The Wild West. A mere mention sparks images of dusty wagon trails, rugged cowboy adventures and saloon-filled towns built by gold-mining hopefuls. In the late 1800s, the invasion of settlers into American Indian territory led to a lawless every-man-for-himself existence often filled with greed, ruthlessness and violence.
And that's where video game developer Neversoft comes in. It aims to replicate the worst the West has to offer in its latest effort, Gun. With a cinematic feel as big as the Montana sky, this action-adventure game revels in conquering uncharted (or at least rarely traversed) gaming territory. Unfortunately, it takes the same attitude in adding a modern—and completely unnecessary—twist.

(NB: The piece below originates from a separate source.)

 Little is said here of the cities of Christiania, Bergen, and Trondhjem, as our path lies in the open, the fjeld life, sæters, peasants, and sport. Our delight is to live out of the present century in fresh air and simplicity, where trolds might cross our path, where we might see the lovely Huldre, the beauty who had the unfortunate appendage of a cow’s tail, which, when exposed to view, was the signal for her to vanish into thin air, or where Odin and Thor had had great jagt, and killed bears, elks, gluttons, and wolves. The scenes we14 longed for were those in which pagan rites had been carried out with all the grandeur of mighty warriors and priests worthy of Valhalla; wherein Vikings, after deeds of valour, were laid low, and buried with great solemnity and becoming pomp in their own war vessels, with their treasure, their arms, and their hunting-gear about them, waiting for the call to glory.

Gun's story centers on gunslinger Colton White, who was raised in the Rockies by an aging mountain man named Ned. When Ned is killed in a riverboat ambush, Colton vows revenge and heads off to find the murderers. His journey takes him across bandit-filled badlands, into Apache and militia territory, and through settler towns. Along the way, the cowboy encounters (and engages) prostitutes, vagabonds, crooked marshals and even more corrupt mercenaries, all while discovering more about himself than he bargained for.
Players get a similar deal when it comes to the game's over-the-top brutality, language and alcohol use. While Gun doesn't necessarily inhabit Resident Evil territory in terms of blood and gore, it certainly seems to relish the "freedom" that goes along with an M rating. Victims of all kinds are decapitated, dismembered and even desecrated. Heads blow up, necks are slit and eyes are gouged. In short, there's nary a scene that doesn't come with blood virtually pouring into players' laps.

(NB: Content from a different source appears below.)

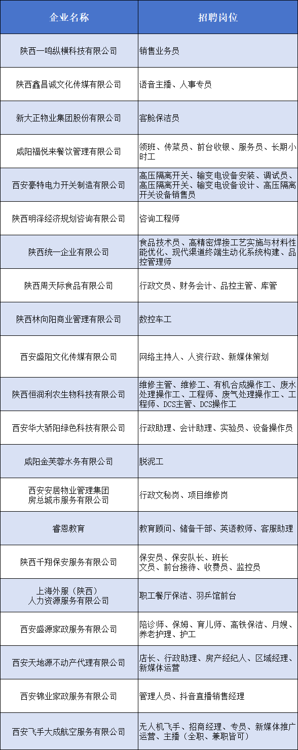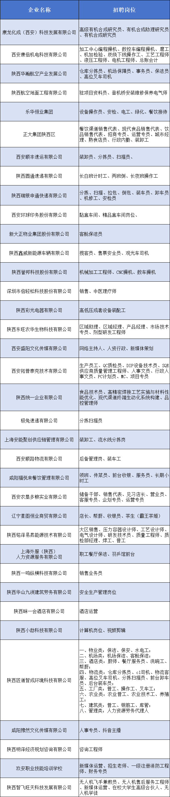 西咸新區金秋招聘季空港新城專場招聘會崗位及企業名單
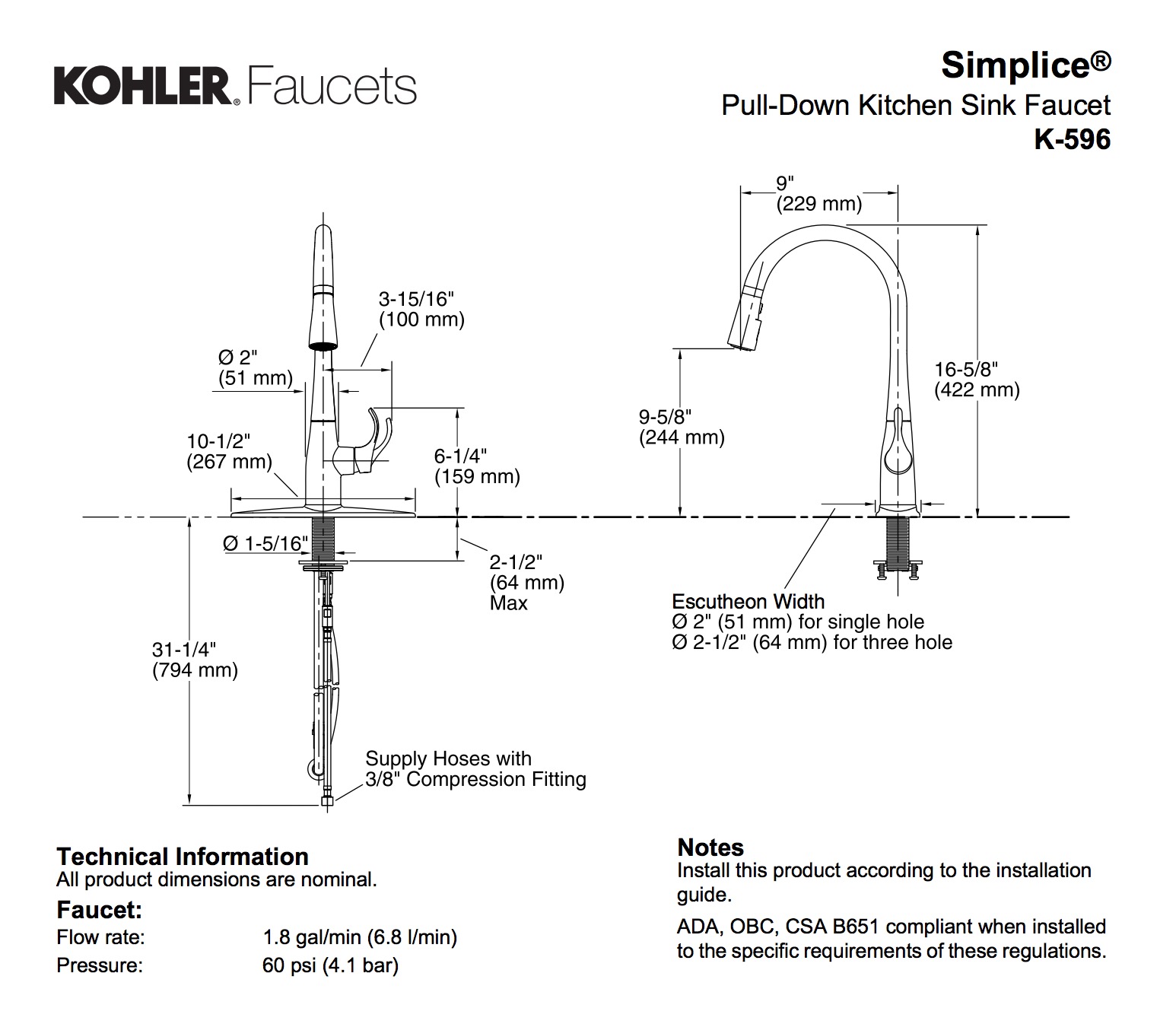 An innovative fit for a variety of kitchens and tasks, this Simplice kitchen faucet combines an elegant, universal design with exceptional ergonomics and functionality. The high-arch swing spout rotates 360 degrees, while the smoothly maneuvering sprayhead pulls down into the sink for up-close tasks, or out of the sink to fill pots. Sculpted buttons on the sprayhead ensure simple operation even with wet, soapy hands. Sweep™ spray creates a wide, forceful blade of water for superior cleaning. KOHLER's new docking system, DockNetik®, secures the pull-down sprayhead to the spout using magnetic force.

The game's makers, of course, defend theese graphic depictions. Neversoft president Joel Jewett says, "If you go back to the time period from the end of the Civil War, 1865 to 1890 ... you've got roughly 30 years where you cannot believe how much happened in the Western United States. There's an unlimited amount of epic blood, guts, death." Producer Irwin Chen adds that times—and morality—were different then: "[This] isn't your standard old Western. The bad guy doesn't always wear the black hat and the good guy doesn't always get the girl and ride off into the sunset. Gun sets itself in the real West, where good and bad blurred together as murder became the only means of justice and greed corrupted all but the most righteous."
Did anarchy and violence accompany the Western expansion? Certainly. We know for a fact that these were bloody times in which order was established by whoever possessed the fastest draw or the biggest weapon. That still doesn't necessitate the extent to which the shoot-'em-up Gun glorifies the most spectacular ways to kill and the most debase of existences.
Indeed, violence isn't the only negative yet ever-present element here. To restore health, Colton takes swigs from liquor bottles collected along the way. As Ned faces death, his last words instruct Colton to go find a prostitute named Jenny, who, along with providing further guidance, lends her services to him. Add to this a never-ending stream of obscenities (f-words, s-words and misuses of God's and Jesus' names included) and some severely misguided spirituality. So-called "Christian" symbols and characters are misused throughout. And the game opens with the Lord's Prayer being uttered as Colton puts a bullet through an attacker's skull.
So Gun is filled to the brim with foul content. Case closed, right? Not exactly. Because even more disturbing than the game's content is its high quality craftsmanship—that makes all the messy morality seem OK. Hard-core gamers may criticize this adventure's difficulty level, but pros and rookies alike will agree that the project's visual, audio and gameplay aspects are remarkable. Like Grand Theft Auto, this is a limitless world in which players can spend hours on side missions ranging from poker games to riding for the Pony Express to hunting wild game. Meanwhile, the main story line is broken up into bite-size missions that never feel redundant.
All of this adds up to an intriguing journey that's ultra-violent and crude yet addictive in nature—just how the game's makers planned it. "There just aren't any good adventure games these days," claims Neversoft director of development Scott Pease. "So ... our goal [was] to marry some kick-a-- third-person and first-person shooting mechanics with a wide open, free-roaming adventure where you have this huge world to play with. On top of that, we built this epic story that's kind of true to the West, true to the mythic tales of violence."
"Kind of" is the key element there. Obviously, the Wild West was exactly that—wild. But recreating the era with freeze-frame depictions of heads being blast off and blood spewing from dismembered bodies seems like a whole lot of overkill.